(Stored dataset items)
▬▬▬▬▬▬▬▬▬▬

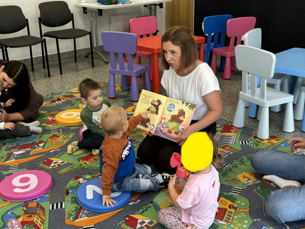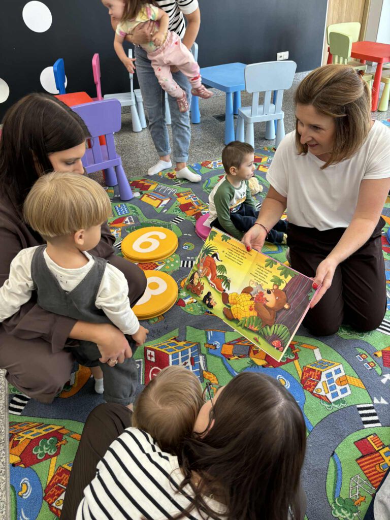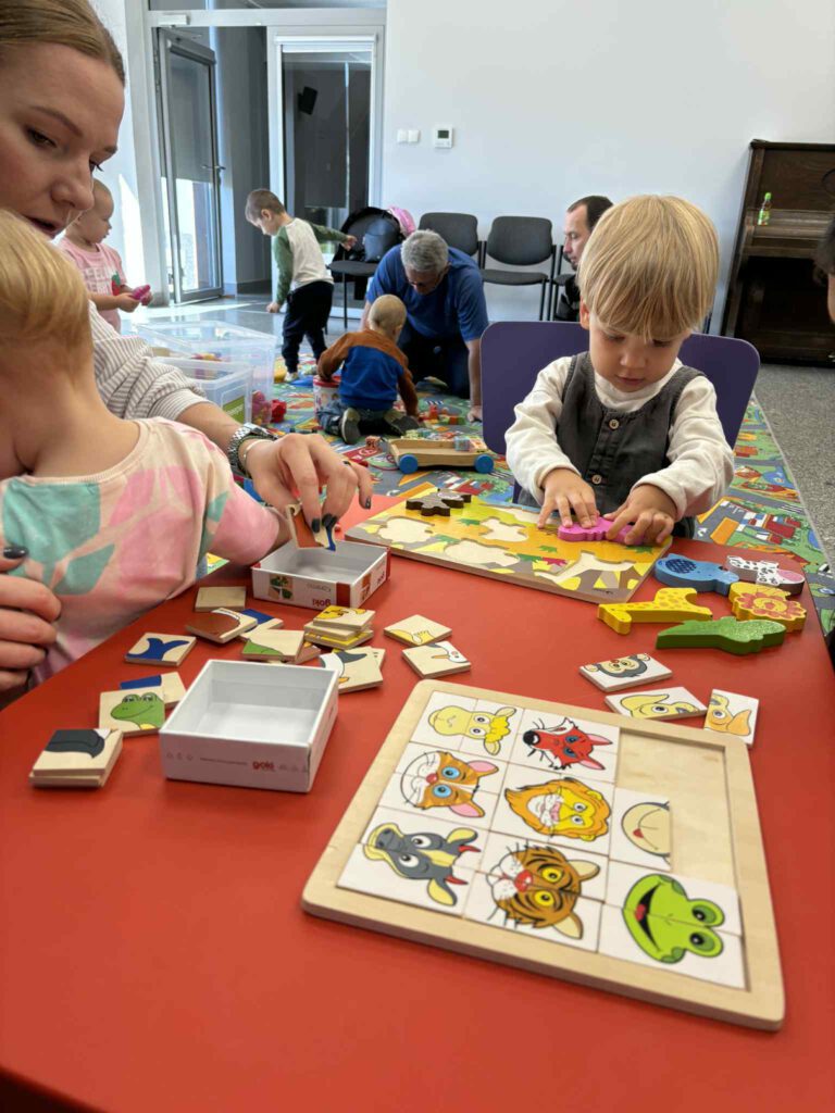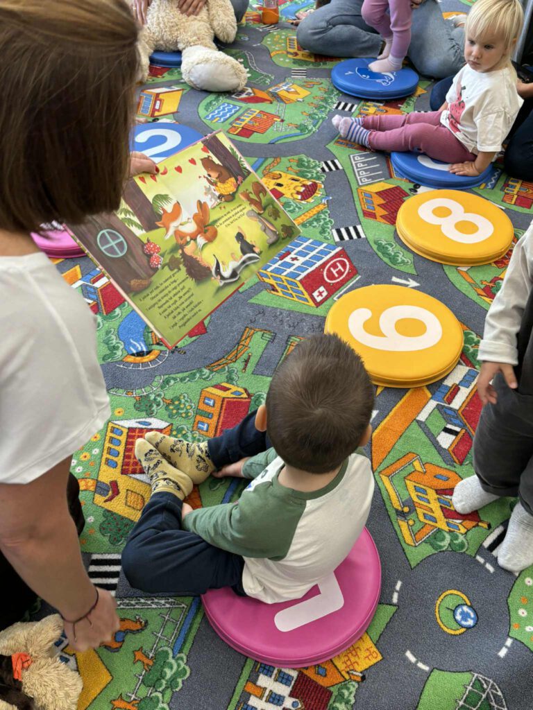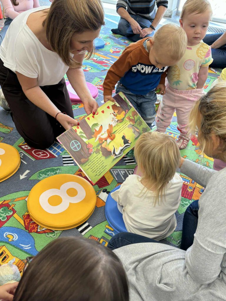 Maluch w bibliotece i miś
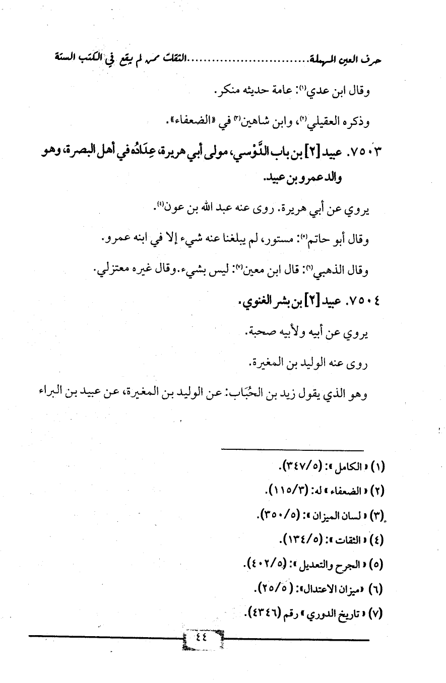 7503 - عبيد [2] بن باب الدَّوْسي، مولى أبي هريرة، عِدَادُه في أهل البصرة، وهو والد عمرو بن عبيد.
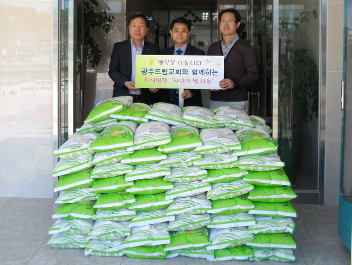 [광주=부자동네타임즈 손권일 기자]광주드림교회가 9월 9일 추석을 맞아 어려운 이웃에게 나눠달라며 광산구 월곡1동주민센터에 쌀 10㎏ 100포를 전달했다.
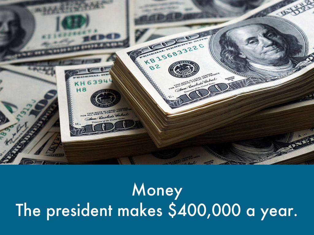 The president makes $400,000 a year.
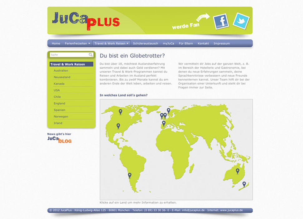 Auf einer Seite soll zudem eine interaktive Weltkarte untergebracht werden, die zeigen soll, in welche Länder JuCaPlus seine Reisen anbietet.
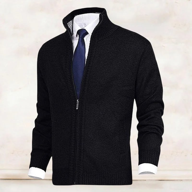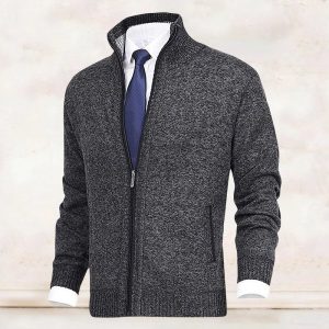 - 1* Men’s Fashion Solid Color Stand Collar Cardigan Sweater Knit Jacket
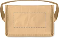 Szövött, újrahasznosított papírból készült hűtőtáska, 6 üdítősdoboznyi méret. Első zsebbel, hordfüllel. Szigetelő anyag: alumínium fóliával laminált hab. Űrtartalom 3 l.
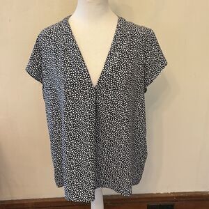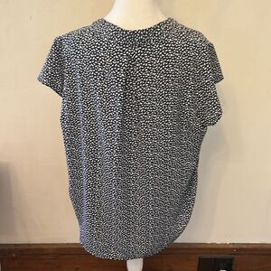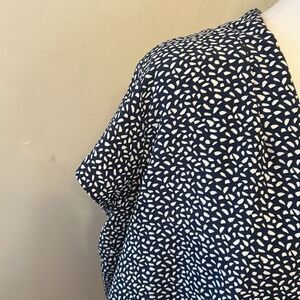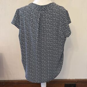 Halogen Navy blue and White Relaxed Boxy Short Sleeve Blouse Size 1 EUC
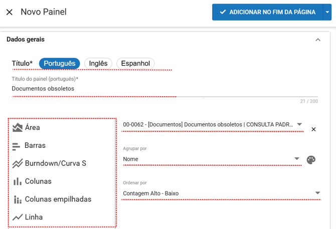 É possível inserir o título em Português, Inglês e Espanhol, garantindo que o painel seja exibido corretamente para usuários que utilizam outros idiomas no sistema.
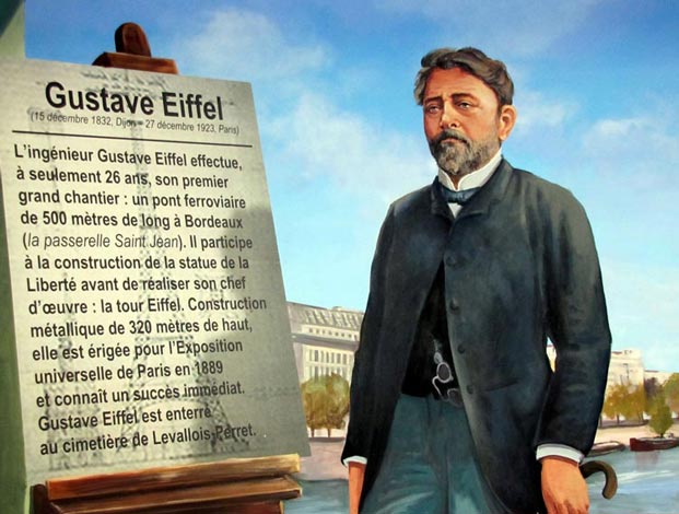L’ingénieur Gustave Eiffel effectue, à seulement 26 ans, son premier grand chantier : un pont ferroviaire de 500 mètres de long à Bordeaux. Auteur de nombreux viaducs et gares, il participe à la construction de la statue de la Liberté avant de réaliser son chef d’œuvre : la tour Eiffel. Construction métallique de 320 mètres de haut, elle est érigée pour l’Exposition universelle de Paris en 1889 et connaît un succès immédiat. Contribuant à l’essor de l’aviation en créant le premier laboratoire d’aérodynamique en 1912, Gustave Eiffel est enterré au cimetière de Levallois-Perret.
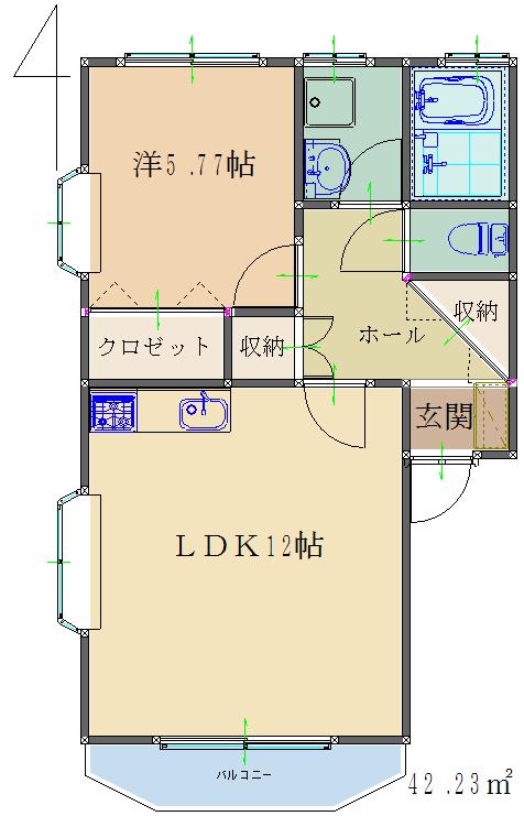 部屋番号/階数 | 1階 | ベランダ | 有 |
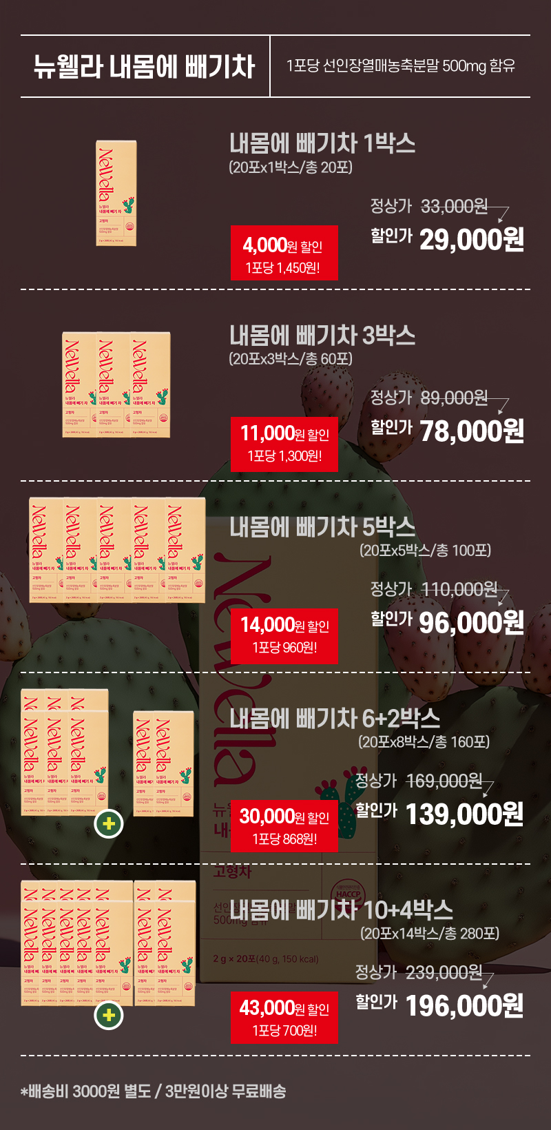 | 제품명 | 뉴웰라 내몸에 빼기차 (1포당 선인장열매농축분말 500mg 함유) |
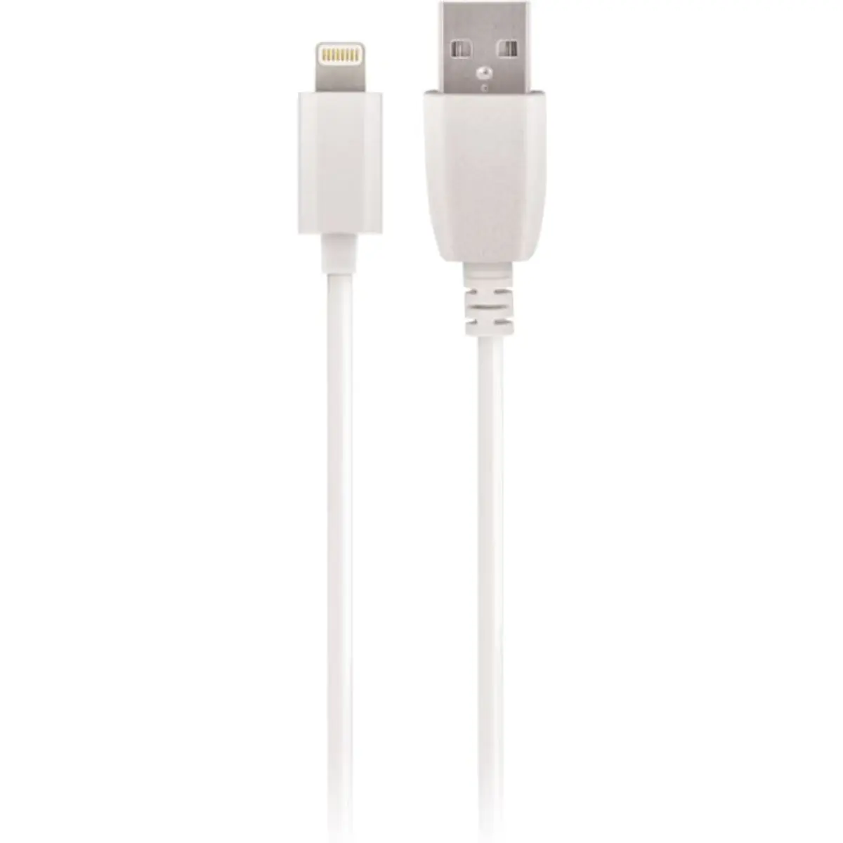Cabo de dados USB tipo A para Lightning, com 1 metro de comprimento e cor branca, compatível com iPhone 5, iPad 4, iPad mini, iPod Touch (5.ª geração) e iPod Nano (7.ª geração). Ideal para sincronização e carregamento de dispositivos com conector Lightning, garantindo ligação estável e compatibilidade com iOS.
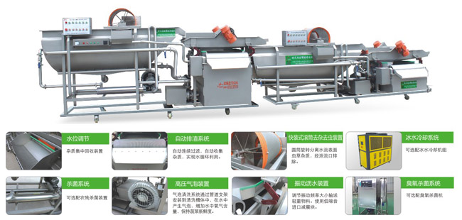 臥式渦流螺旋清洗+振動瀝水蔬菜清洗線,適合於的葉(yè)菜類,根莖類和醃(yān)製蔬果清洗,如:白菜,生菜,菠菜,醃製過的蘿(luó)卜,大頭菜等。
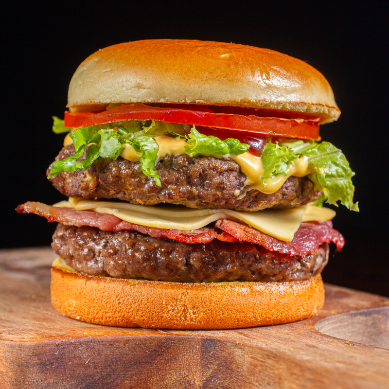 Pão brioche, 2 blends de 120g cada, bacon, queijo, alface, tomate e molho especial.
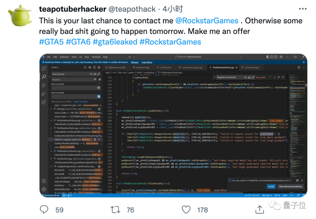 黑客声称已掌握两代游戏的源代码以及新作的早期测试版本,并嚣张地公开勒索R星:
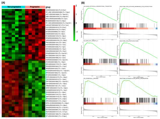 Differentially expressed genes in the discovery phase. (A) Heat map displaying the 50 most DEGs between progressive and non-progressive intermediate/high-risk ccRCC patients. Red pixels correspond to up-regulated genes, whereas green pixels indicate down-regulated genes. (B) GSEA shows positive correlation of DEGs in pathways involved in tumor progression. Abbreviations: DEGs, Differentially expressed genes. GSEA, Gene set enrichment analysis.
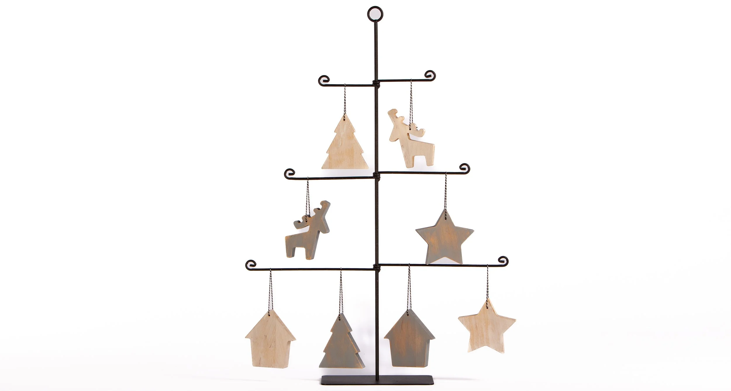 Decorative stand made of black steel wire in the form of a simplified tree outline. The structure features transverse arms ending in decorative curls, each can be used to hang any decorations. The product is mounted on a flat metal base.
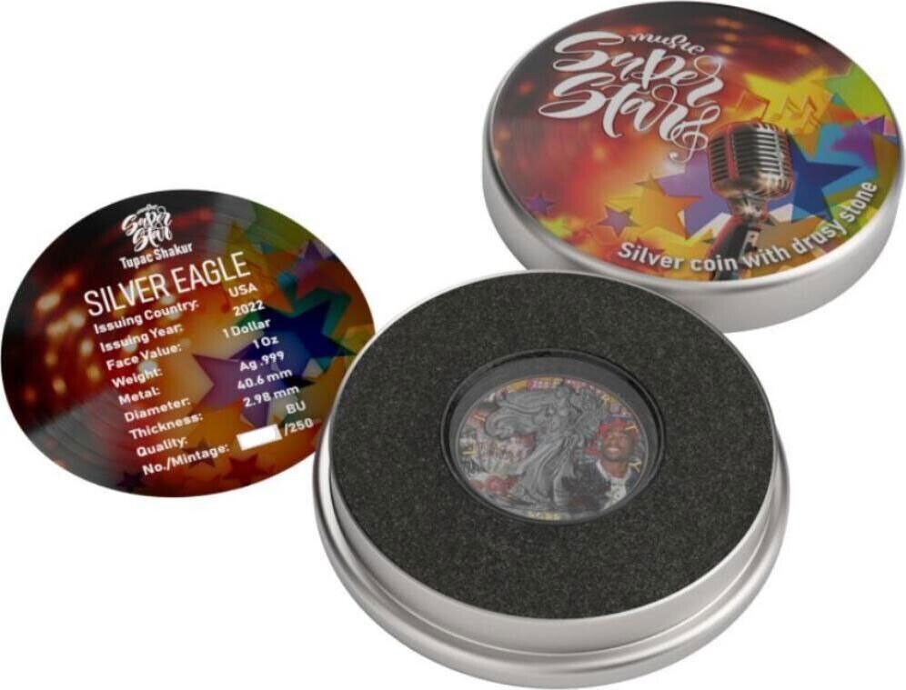 Коллекционная серебряная монета «Американский Орел Liberty – Тупак Шакур» 31,1 г 2022 год
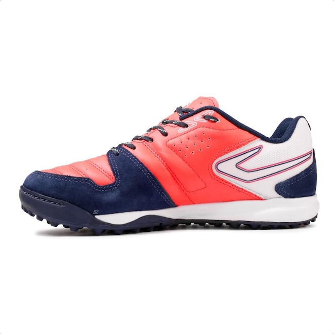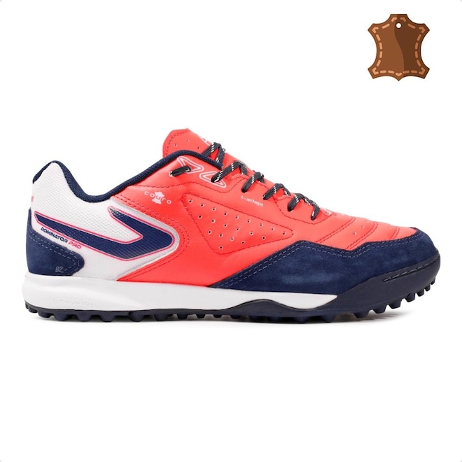 O cabedal confeccionado com tecnologia têxtil e curo, é macio e garante passes e chutes precisos.
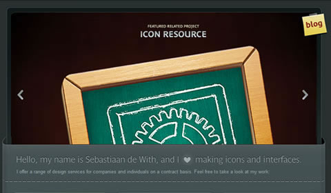 Icon Designer 通過(guò)旋轉(zhuǎn)某些元素讓自己與眾不同。這一頁(yè)面很容易成為稀松平常的無(wú)聊之作,但簡(jiǎn)單的幾個(gè)旋轉(zhuǎn)讓它趣味十足。
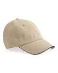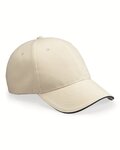 USA-made, pre-curved contrast color sandwich visor gives this six-panel structured cap a two-tone look.

▬▬▬▬▬▬▬▬▬▬

AIM OF THE EXERCISE
An exact copy of all the records, free of pictures, is the expected answer.

WRITTEN RESPONSE
 Maluch w bibliotece i miś
 7503 - عبيد [2] بن باب الدَّوْسي، مولى أبي هريرة، عِدَادُه في أهل البصرة، وهو والد عمرو بن عبيد.
 [광주=부자동네타임즈 손권일 기자]광주드림교회가 9월 9일 추석을 맞아 어려운 이웃에게 나눠달라며 광산구 월곡1동주민센터에 쌀 10㎏ 100포를 전달했다.
 The president makes $400,000 a year.
 Auf einer Seite soll zudem eine interaktive Weltkarte untergebracht werden, die zeigen soll, in welche Länder JuCaPlus seine Reisen anbietet.
 - 1* Men’s Fashion Solid Color Stand Collar Cardigan Sweater Knit Jacket
 Szövött, újrahasznosított papírból készült hűtőtáska, 6 üdítősdoboznyi méret. Első zsebbel, hordfüllel. Szigetelő anyag: alumínium fóliával laminált hab. Űrtartalom 3 l.
 Halogen Navy blue and White Relaxed Boxy Short Sleeve Blouse Size 1 EUC
 É possível inserir o título em Português, Inglês e Espanhol, garantindo que o painel seja exibido corretamente para usuários que utilizam outros idiomas no sistema.
L’ingénieur Gustave Eiffel effectue, à seulement 26 ans, son premier grand chantier : un pont ferroviaire de 500 mètres de long à Bordeaux. Auteur de nombreux viaducs et gares, il participe à la construction de la statue de la Liberté avant de réaliser son chef d’œuvre : la tour Eiffel. Construction métallique de 320 mètres de haut, elle est érigée pour l’Exposition universelle de Paris en 1889 et connaît un succès immédiat. Contribuant à l’essor de l’aviation en créant le premier laboratoire d’aérodynamique en 1912, Gustave Eiffel est enterré au cimetière de Levallois-Perret.
 部屋番号/階数 | 1階 | ベランダ | 有 |
 | 제품명 | 뉴웰라 내몸에 빼기차 (1포당 선인장열매농축분말 500mg 함유) |
Cabo de dados USB tipo A para Lightning, com 1 metro de comprimento e cor branca, compatível com iPhone 5, iPad 4, iPad mini, iPod Touch (5.ª geração) e iPod Nano (7.ª geração). Ideal para sincronização e carregamento de dispositivos com conector Lightning, garantindo ligação estável e compatibilidade com iOS.
 臥式渦流螺旋清洗+振動瀝水蔬菜清洗線,適合於的葉(yè)菜類,根莖類和醃(yān)製蔬果清洗,如:白菜,生菜,菠菜,醃製過的蘿(luó)卜,大頭菜等。
 Pão brioche, 2 blends de 120g cada, bacon, queijo, alface, tomate e molho especial.
 黑客声称已掌握两代游戏的源代码以及新作的早期测试版本,并嚣张地公开勒索R星:
 Differentially expressed genes in the discovery phase. (A) Heat map displaying the 50 most DEGs between progressive and non-progressive intermediate/high-risk ccRCC patients. Red pixels correspond to up-regulated genes, whereas green pixels indicate down-regulated genes. (B) GSEA shows positive correlation of DEGs in pathways involved in tumor progression. Abbreviations: DEGs, Differentially expressed genes. GSEA, Gene set enrichment analysis.
 Decorative stand made of black steel wire in the form of a simplified tree outline. The structure features transverse arms ending in decorative curls, each can be used to hang any decorations. The product is mounted on a flat metal base.
 Коллекционная серебряная монета «Американский Орел Liberty – Тупак Шакур» 31,1 г 2022 год
 O cabedal confeccionado com tecnologia têxtil e curo, é macio e garante passes e chutes precisos.
 Icon Designer 通過(guò)旋轉(zhuǎn)某些元素讓自己與眾不同。這一頁(yè)面很容易成為稀松平常的無(wú)聊之作,但簡(jiǎn)單的幾個(gè)旋轉(zhuǎn)讓它趣味十足。
 USA-made, pre-curved contrast color sandwich visor gives this six-panel structured cap a two-tone look.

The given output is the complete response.